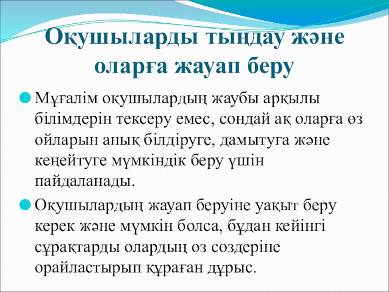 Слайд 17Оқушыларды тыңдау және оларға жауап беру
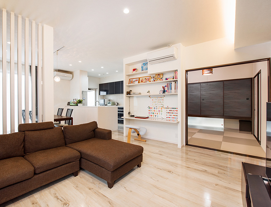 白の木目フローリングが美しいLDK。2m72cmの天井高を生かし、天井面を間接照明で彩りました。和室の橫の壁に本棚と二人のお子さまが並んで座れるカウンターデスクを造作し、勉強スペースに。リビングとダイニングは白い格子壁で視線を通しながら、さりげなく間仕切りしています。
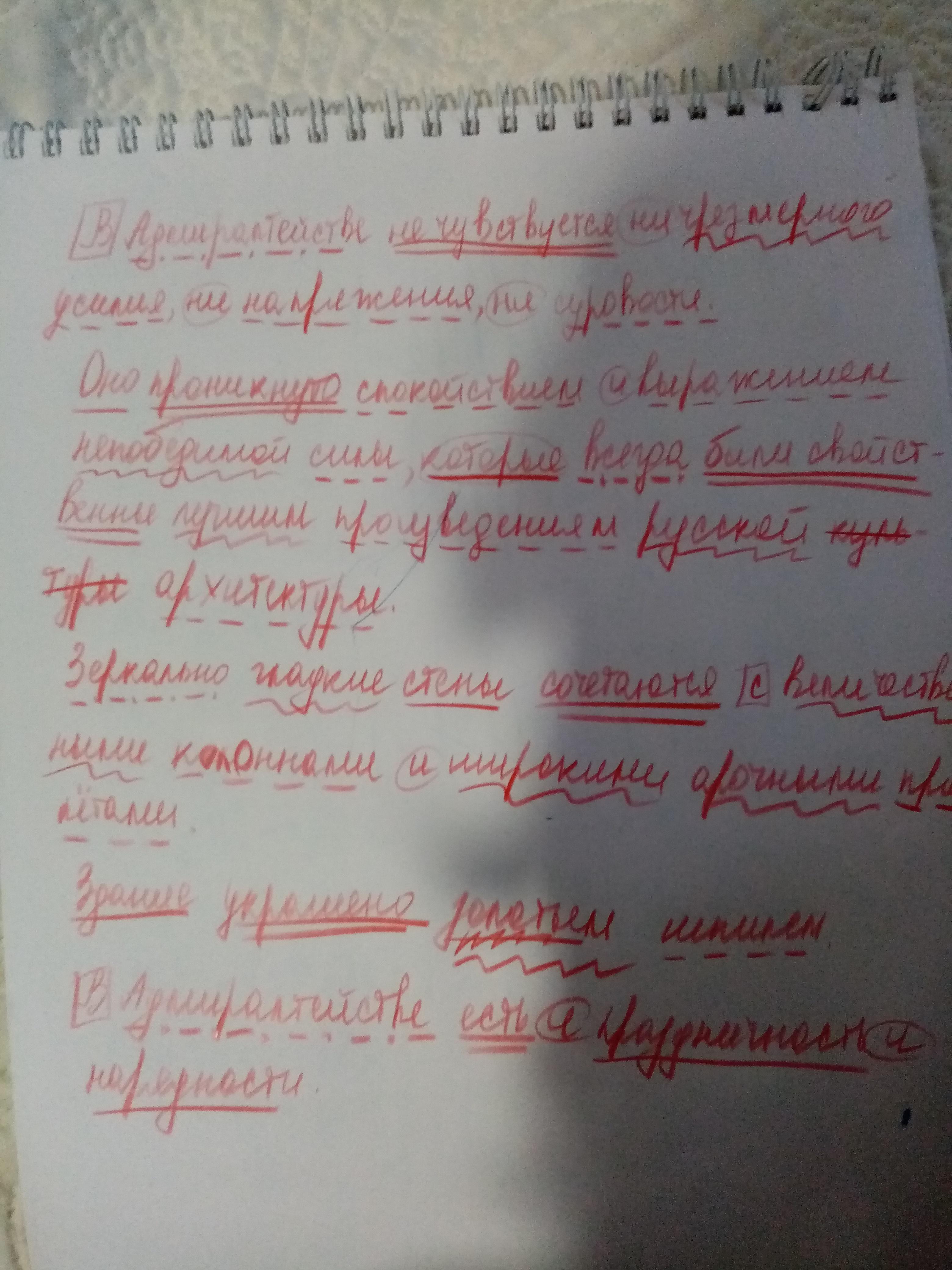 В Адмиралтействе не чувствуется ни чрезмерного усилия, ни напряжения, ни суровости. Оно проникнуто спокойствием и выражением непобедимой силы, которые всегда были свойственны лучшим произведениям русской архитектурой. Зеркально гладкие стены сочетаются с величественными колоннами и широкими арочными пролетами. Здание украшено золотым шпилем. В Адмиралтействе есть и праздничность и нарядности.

- [Try it] Could you transcribe all of the data exactly and omit the pictures?

- [Written response]
 Слайд 17Оқушыларды тыңдау және оларға жауап беру
 白の木目フローリングが美しいLDK。2m72cmの天井高を生かし、天井面を間接照明で彩りました。和室の橫の壁に本棚と二人のお子さまが並んで座れるカウンターデスクを造作し、勉強スペースに。リビングとダイニングは白い格子壁で視線を通しながら、さりげなく間仕切りしています。
 В Адмиралтействе не чувствуется ни чрезмерного усилия, ни напряжения, ни суровости. Оно проникнуто спокойствием и выражением непобедимой силы, которые всегда были свойственны лучшим произведениям русской архитектурой. Зеркально гладкие стены сочетаются с величественными колоннами и широкими арочными пролетами. Здание украшено золотым шпилем. В Адмиралтействе есть и праздничность и нарядности.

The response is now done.